I really choke at that moment.. as a guy… i have to hold back my tears…
Me: It is all over in the past… anyway u still have me as a friend…now take a rest k…
She: Can i have a request?….
Me: Sure… as long as it is within my means.. i will do anything for u..
She: Serious?…
Me: A promise is a promise… i will nt break it..
She: Hmm… will u still visit me when i am gone…
Me: Dun say that( this time.. my tears just flow out…) u will be fine…
She: I know my own cdt better than anyone else…
Me: i promise u if that day come… i will visit u yearly with yr favourite roses and tulips…
Quickily i hold her hands when i told her that… it have been 2 years since i hold her hands ever since the break up.. it is so cold now.. nt even some warmth in it compared to the past… i hold it tightly.. doing my best giving her some warmth in it…
Her parents came back from dinner… Upoun seeing me… they leave quietly.. guess they want us to spent more time together… At this pt of time.. i am doing my best nt to be too emotional really though i am on the verge of breaking down..
She looked at me tenderly…
She: Dear.. do take a rest… u r very tired le… look at u… nt enough sleep already…
Me: No worries… i am nt tired… u sleep first.. i will be by yr side…
Soon she dozed off. When i saw her sleeping peacefully.. i have an sudden impulse to kiss her on the forehead… but i dun dare… after all she is nt my gf anymore… At times it is really an agony to hold back our emotions… Frankly speaking…i am very tired but i dun dare to doze off… cos i am afraid that i will nt be able to respond quickily if she need help…(she is too weak to move around)
The nurse came in to take her blood pressure and she stirred..
She: Dear… do take yr dinner…u have nt eaten much today.. and go hm if u r too tired…
Me: it is k.. me nt hungry.. on diet mah..
She: i am sorry that i am such a burden to u..
Me: Pls dun feel that way… u r my friend… and i will take care of u…
To be continued…
Bros.. sorry me still under moderation.. so have to wait for a day before my story can be posted…
Part 3
She: only as a friend?..
Me: u shd know my feelings for u… but i know i am nt the ultimate choice for u…
She: sorry…for being selfish…
Me: nt yr fault… there is no rite or wrong where feelings are concerned..
She: Thanks… i never regretted having u as my bf…
Me: hang on.. let me flip the pillow case for u..

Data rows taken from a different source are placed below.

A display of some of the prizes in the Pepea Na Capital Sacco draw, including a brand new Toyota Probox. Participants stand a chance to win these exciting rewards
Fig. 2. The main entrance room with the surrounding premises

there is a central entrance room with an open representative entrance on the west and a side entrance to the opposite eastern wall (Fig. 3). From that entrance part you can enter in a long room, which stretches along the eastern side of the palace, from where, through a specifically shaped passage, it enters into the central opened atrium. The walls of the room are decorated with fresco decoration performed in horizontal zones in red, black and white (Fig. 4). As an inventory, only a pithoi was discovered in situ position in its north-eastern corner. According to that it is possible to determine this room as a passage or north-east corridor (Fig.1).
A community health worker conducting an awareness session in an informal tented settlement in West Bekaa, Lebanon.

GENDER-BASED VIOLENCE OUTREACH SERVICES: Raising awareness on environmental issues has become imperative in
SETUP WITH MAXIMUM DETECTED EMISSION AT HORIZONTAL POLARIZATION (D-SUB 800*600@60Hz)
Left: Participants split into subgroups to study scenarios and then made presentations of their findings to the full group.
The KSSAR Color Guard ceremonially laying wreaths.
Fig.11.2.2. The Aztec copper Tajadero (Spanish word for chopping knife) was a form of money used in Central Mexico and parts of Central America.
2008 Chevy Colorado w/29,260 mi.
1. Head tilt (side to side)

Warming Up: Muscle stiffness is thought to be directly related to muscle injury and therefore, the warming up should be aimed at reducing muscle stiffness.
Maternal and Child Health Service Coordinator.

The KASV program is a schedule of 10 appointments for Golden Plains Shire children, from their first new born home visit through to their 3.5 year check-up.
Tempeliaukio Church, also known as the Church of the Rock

Gently i do that and withdraw my hands from her… I am an conversative person ba.. always believe that i can hold the hands of my gf… nt to mention my mum and sis…
She: can u hold my hands?..
Me: Nt very nice… as i am nt yr bf anymore..
She: Just hold it..
And i agreed… hold her hands tightly throughout the nite.. i hold them tightly… and finally overwhelmed with tiredness. i fall asleep…

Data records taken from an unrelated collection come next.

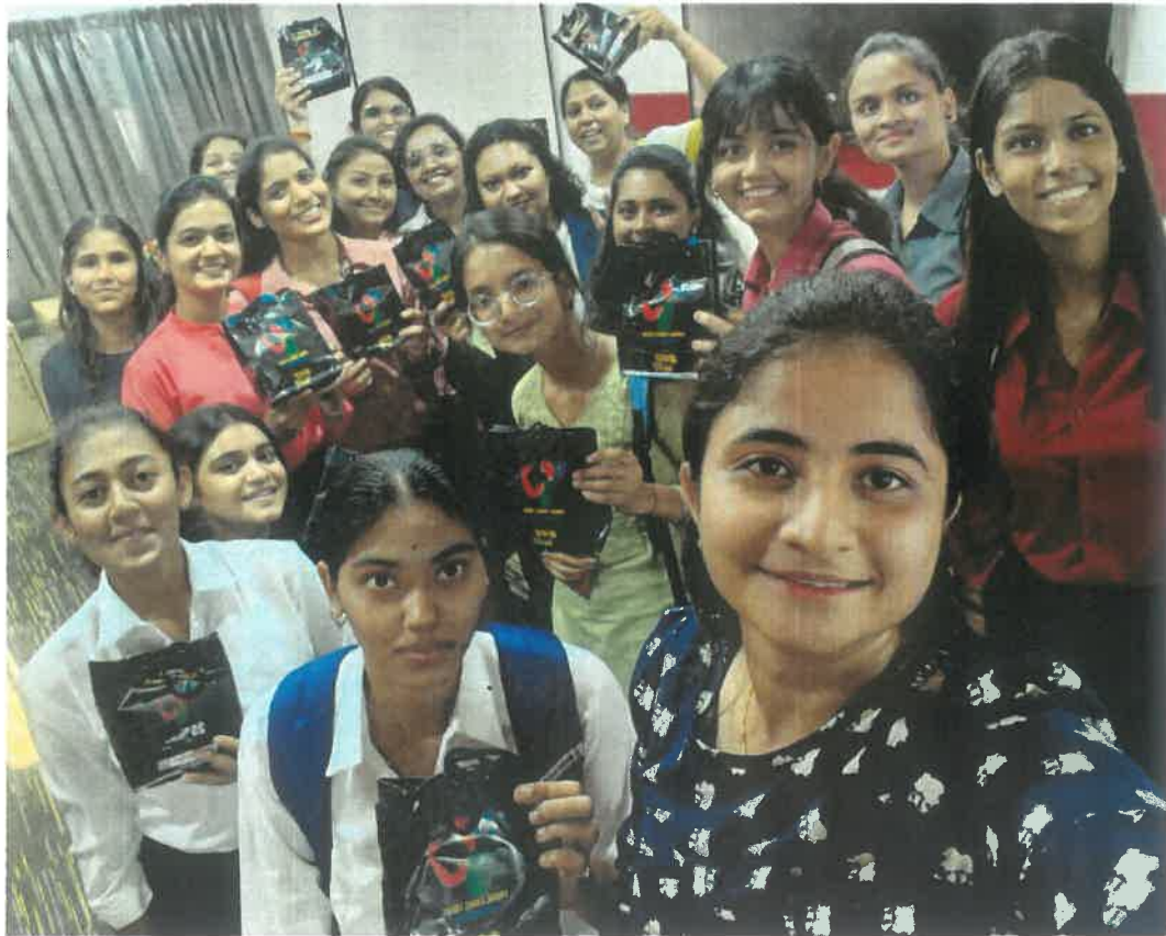
Excited SBPIM girl students with the gift hamper from Whisper and Gillet Venus
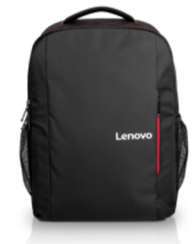
Lenovo 16" Laptop Everyday Backpack B510 4X41U80414
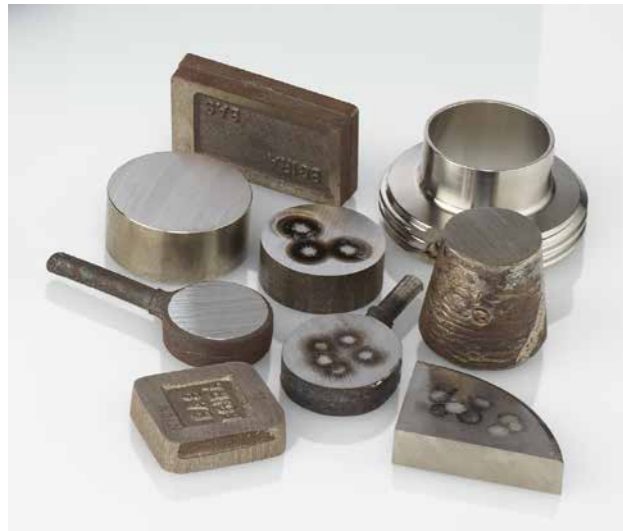
Figure 1: Iron and steel samples
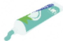
Dental Care Supplies
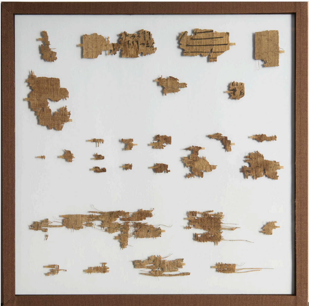
Fig. 2: Papyrus fragments UC71095 after conservation: side with vertical fibres uppermost.
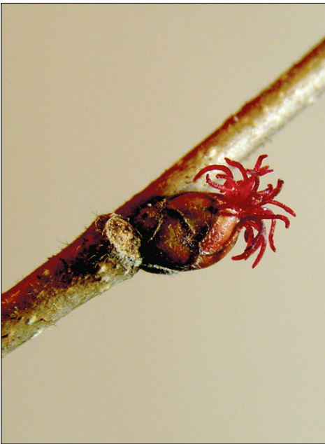
Female Hazelnut Flowers

is to spot clusters of what appear to be miniature pine cones. The little cones of the Tag Alder are generally one-half-inch long. They remain on the branches well into the second year. Your second challenge here, as with the hazelnut, is to locate the small swollen buds of the female flowers with red stigma threads reaching out for wind-borne Tag Alder pollen. Now you’re ready for your botany quiz. Why don’t these early-spring-flowering natives have showy petals? Reflect for a bit. Our early Piedmont springs are intermingled with our late Piedmont winters and native plants have devised clever strategies for success in the on-again, off-again cold weather. These plants don’t waste energy producing showy flowers to attract insect pollinators. Early-spring temperatures are too cold for significant insect activity, so these plants depend on the wind
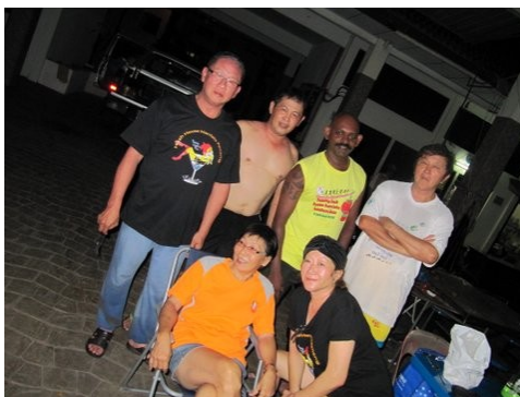
A few of the usual suspects, ...already a bit senget!
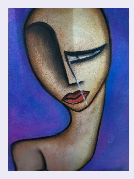
Artwork: Mastaneh Azarnia

The Albanese Government, like those before it, has chosen to spend millions of dollars not on protecting the human rights of all or supporting people who sought safety, but instead on funding an empty detention centre in Nauru and maintaining a cruel system for political gain.

That nite…i can still remember is the most unforgettable nite i have… having a chance to hold her hands is somthing i never dared to dream of ever since the break up.. Guys.. we can be bonking at Geylang… but we can be committed to our loved ones too… For these 2 years… i never have a gf nor have free flings around.. Guess ever since the break up with her… she took away everthing of mine.. that include my lust and sex drive off too…
Thank you my bros for yr enccouragment….me will be strong even though it
is dufficult.. really appreciate all the support and encouragment u guys have rendered… For bros… who are going through a difficult time.. i can understand yr feelings/agony as i went through before it… Be Strong bos.. for the sake of our loved ones…
Part:4
The next few days as per normal.. i took care of her.. knowing that she may passed away anytime… i really cherish every single moment with her… Her blood cancer has reached the terminal stage and nothing much can be done. Her doctor tell us to be mentally prepared and tell us to do whatever we can do for her…
She: i really miss him….
Me: Give me his mobile no.. i will call him.. ( Bros.. trust me.. i really feel rotten when i know she still miss him.. but i told myself.. that i will respect whatever feelings she have for him)

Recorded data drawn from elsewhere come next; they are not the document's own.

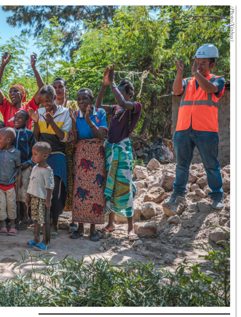
The Mwanza Satellite City water supply project in Tanzania is an important livelihood project under the China-Africa Belt and Road Initiative.

funded by China's state loans would be unsustainable. The limited-scale trade between Africa and China and the long-standing trade deficit are not conducive to sustainable Belt and Road cooperation. The current situation of China-Africa trade is essentially hampered by the backward industry status and structural problems of the African countries, and may easily trigger nationalism in some of the African countries, and even resistance to investment, products and technology from China.
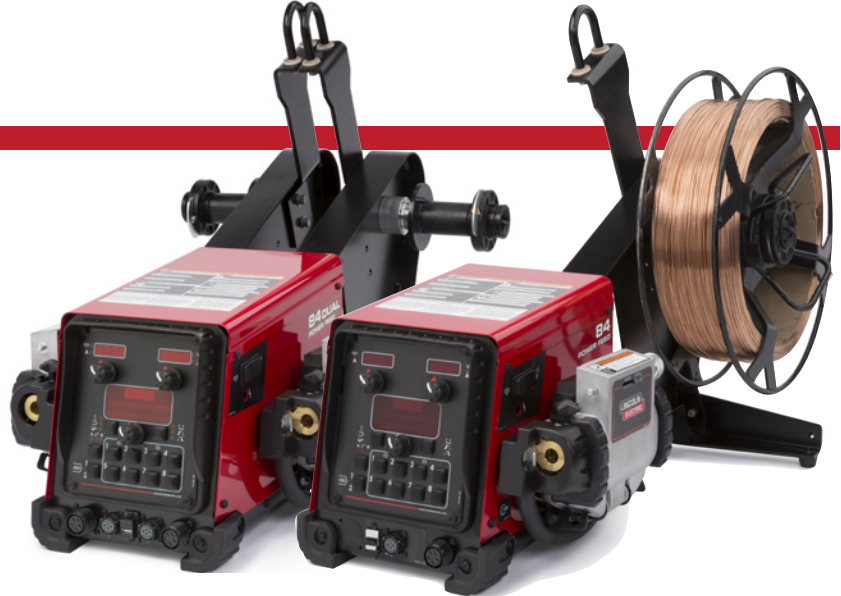
Power Feed 84 Dual and Power Feed 84
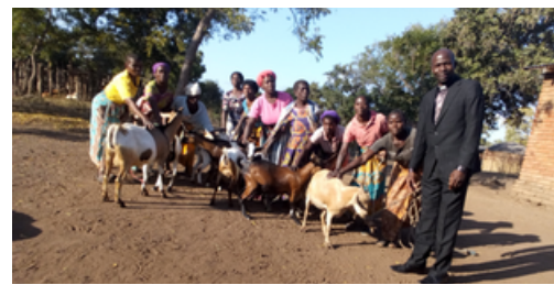
Women Livelihood Upliftment Initiatives
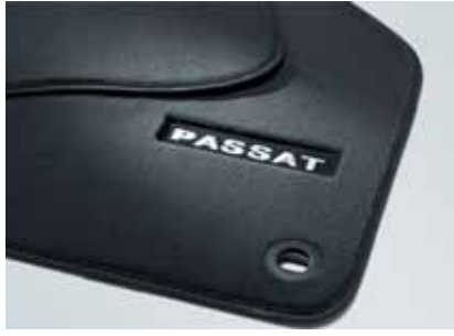
Carpet Floor Mats
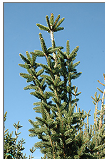
Columnar Norway Spruce foliage
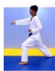
8) Body punch

Quickily i left the ward and called him downstairs..
Me: hello.. may i speak to Eric
Eric: Speaking… who r u?..
Me: i am yr gf ex..
Eric: what is up.. make it fast… i am very busy..
Me: can u visit her.. she is very sick.. will pass away anytime…
Eric: What is the big deal?.. many people passed away everyday.
Me: Knn! ( me damn hot when i hear this irresponsible remark from him) Dun u
think u have the responsibilty to take care of her since she is yr gf!!!!!
Eric: i have no time for any sick birds!!! to me.. i am sick of her liao!!! u can
have her if u want her…
That bastard just hung up after that…
Me so angry and helpless after i heard that.. what am i going to explain to her… really caught in a fix now.. obviously that bastard is only toying aroud with her and will nt care a damm abt her…
Sadly.. i went back to the ward…putting up a cheerful front…
She: how is it?..
Me: Hmmn… he is really busy with his work..
She: Dun try to comfort me.. he is nt coming rite… i know it…
Me: He may nt cherish u… but u still have me who love u the way u r….
( This time.. i managed to summon all my courage and confess to her my
feelings for her)..
She: She choked… i know…
To be continued.. Names has been changed to protect the people… though i really hated that bastard to the core!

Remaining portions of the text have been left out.